The roadblocks in the power sector reforms never seem to end. Initiated in 1991 by the then Narsimha Rao government with much hoopla and hopes, the reforms on many fronts have been, even slower than the ‘tortoise pace’. None of the planned deadlines for power generation have been achieved. Out of 7 Mega Power Projects (MPPs) of over 1,000 MW capacities, which received approval, only one has achieved financial closure. So much has been said about the financial health of the State Electricity Boards (SEBs). Everybody agrees that SEBs have always had to operate with the dice loaded against them. The government subsidised power tariffs for agriculture, which virtually meant that they were in loss from day one. No profits meant no development of infrastructure, no improvement in plant load factors (PLFs).

But in the last year or so, as some sort of political stability was achieved in the country, the hopes were reborn, albeit on a reasonable level. The government showed proactive signs to put power projects on the fast track and corporatisation of SEBs was initiated (Orissa being the first state to do so). But all this was not without hiccups.

The year 2000 began with the employees of the erstwhile Uttar Pradesh SEB revolting against the breaking of the board in three parts. Next it was Maharashtra’s turn. The SEB’s 90,000 employees went on strike on to protest against the restructuring of the board.
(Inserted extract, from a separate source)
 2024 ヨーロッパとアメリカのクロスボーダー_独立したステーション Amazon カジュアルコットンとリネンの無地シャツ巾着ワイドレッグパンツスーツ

Alstom and UK-based National Power pulled out of the 2,000 MW Pipavav project bidder’s list in Gujarat, apparently over the lack of adequate payment guarantees for tying up its revenue stream. Two other contenders-Siemens and PowerGen had recently backed out from the same project for similar reasons.
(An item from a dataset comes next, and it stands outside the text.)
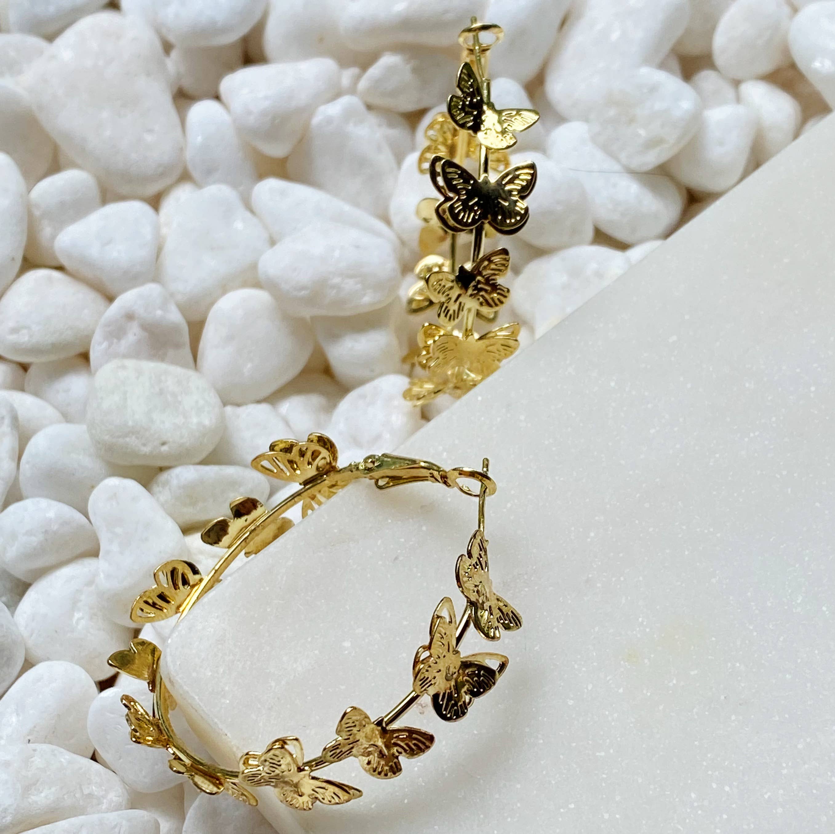 Absolutely gorgeous butterfly all around hoop earrings. Doubled butterflies and single butterflies make perfect harmony in this pair. Watch out, they might fly away. 1.5 inch diameter that is nice size for everyday wear. 1.5 x 0.3 inch for dimension. Alloy metal Lead and Nickel compliant Made in China

The untimely demise of PR Kumaramangalam, India’s power minister is likely to bring the already slow power sector reforms to a standstill. In India, politics play a very important part in the power chessboard. Until a successor is installed quickly, the status quo is likely to continue.

As per estimates, India’s has to generate an incremental 10,000 MW of electricity every year for the next 10 years to plug the demand-supply gap. More importantly it has to bring transmission and distribution (T&D) at par with power generation. India’s T&D to generation ratio stands at a dismal 0.3:1, as compared to an international benchmark of 1:1.

Considering the roadblocks the sector faces, even die-hard optimists will say that India has a long, long way to go to achieve this. Meanwhile, the clock keeps ticking, project costs go up and India’s eternal wait for power continues.